[Supplied records Boundary: Start]

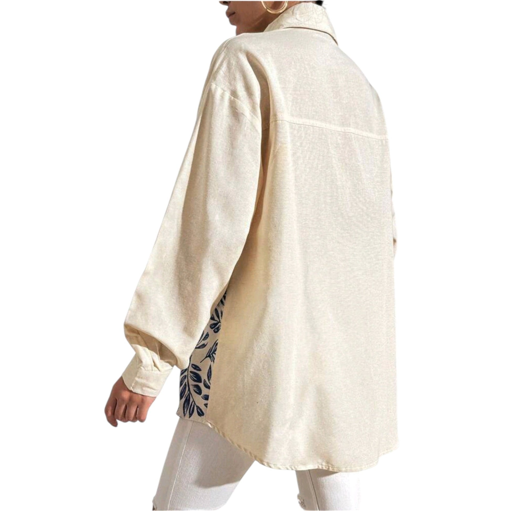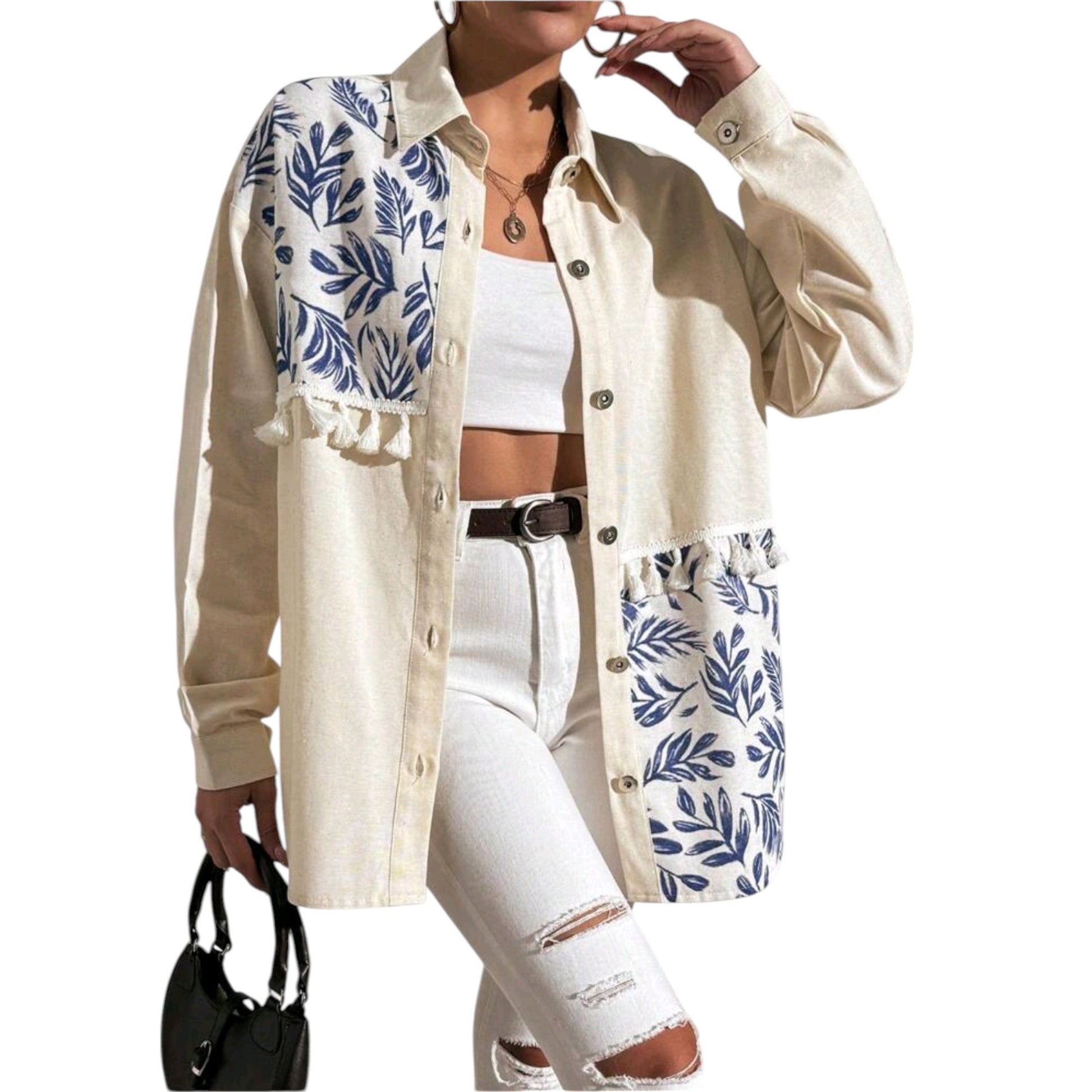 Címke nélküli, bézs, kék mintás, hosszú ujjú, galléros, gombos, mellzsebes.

[Supplied records Boundary: End]
[Supplied records Boundary: Start]

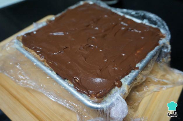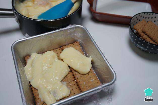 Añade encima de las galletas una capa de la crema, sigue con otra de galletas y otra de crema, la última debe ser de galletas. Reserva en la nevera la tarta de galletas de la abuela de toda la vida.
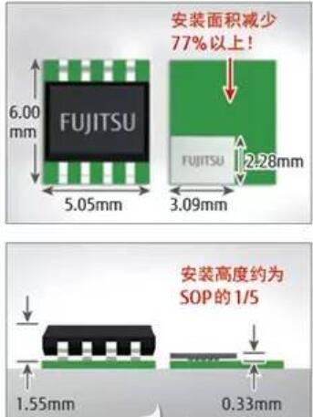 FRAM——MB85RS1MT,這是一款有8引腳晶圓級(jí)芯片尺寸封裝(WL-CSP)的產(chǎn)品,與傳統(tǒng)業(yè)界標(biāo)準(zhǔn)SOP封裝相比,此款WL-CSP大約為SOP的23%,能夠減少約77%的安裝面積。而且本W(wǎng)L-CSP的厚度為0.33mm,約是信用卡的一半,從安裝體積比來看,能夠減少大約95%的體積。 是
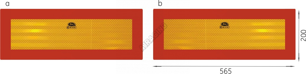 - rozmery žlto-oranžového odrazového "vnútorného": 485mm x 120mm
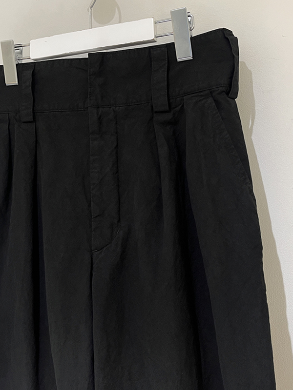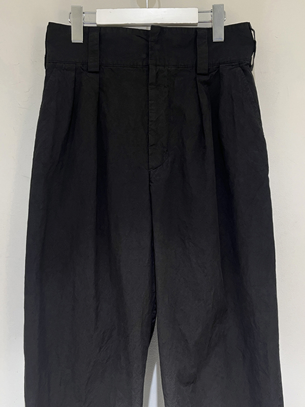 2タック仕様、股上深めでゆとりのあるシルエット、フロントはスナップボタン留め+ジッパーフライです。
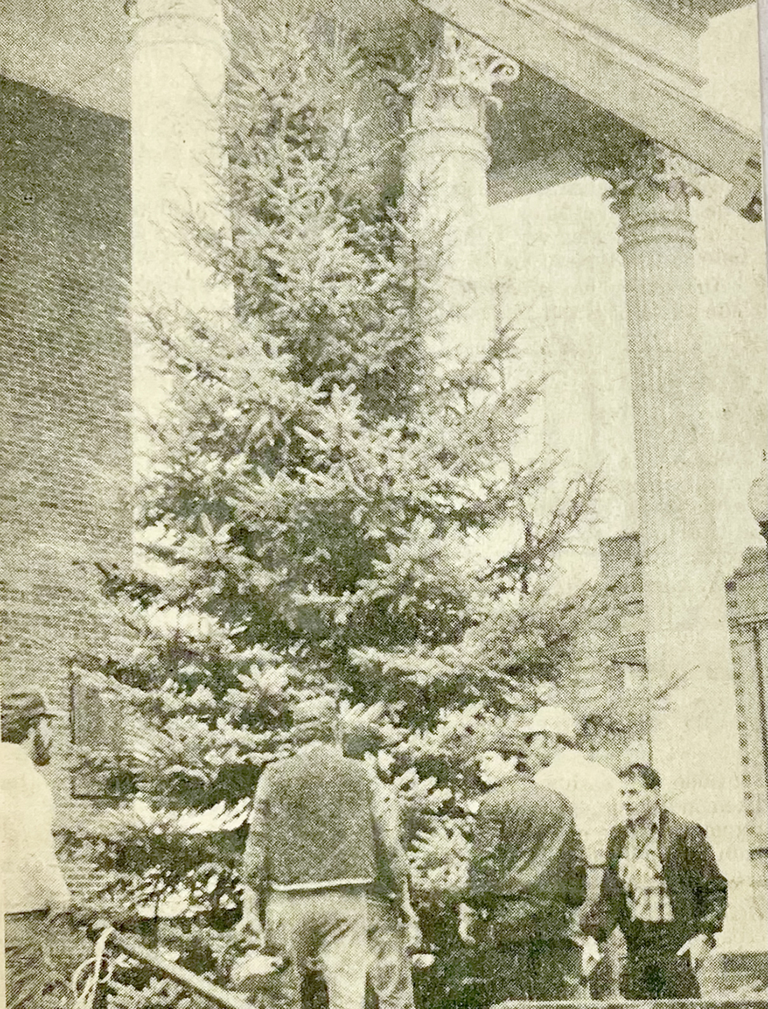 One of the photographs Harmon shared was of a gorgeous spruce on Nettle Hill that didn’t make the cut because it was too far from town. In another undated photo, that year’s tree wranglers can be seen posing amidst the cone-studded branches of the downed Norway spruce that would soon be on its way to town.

[Supplied records Boundary: End]

Aim of the exercise – Please transcribe exactly the part of the records that opens with the line containing "2タック仕様、股上深めでゆと" and closes with the line containing "One of the photographs", both ends included, and leave out the pictures.

Response below –
 2タック仕様、股上深めでゆとりのあるシルエット、フロントはスナップボタン留め+ジッパーフライです。
 One of the photographs Harmon shared was of a gorgeous spruce on Nettle Hill that didn’t make the cut because it was too far from town. In another undated photo, that year’s tree wranglers can be seen posing amidst the cone-studded branches of the downed Norway spruce that would soon be on its way to town.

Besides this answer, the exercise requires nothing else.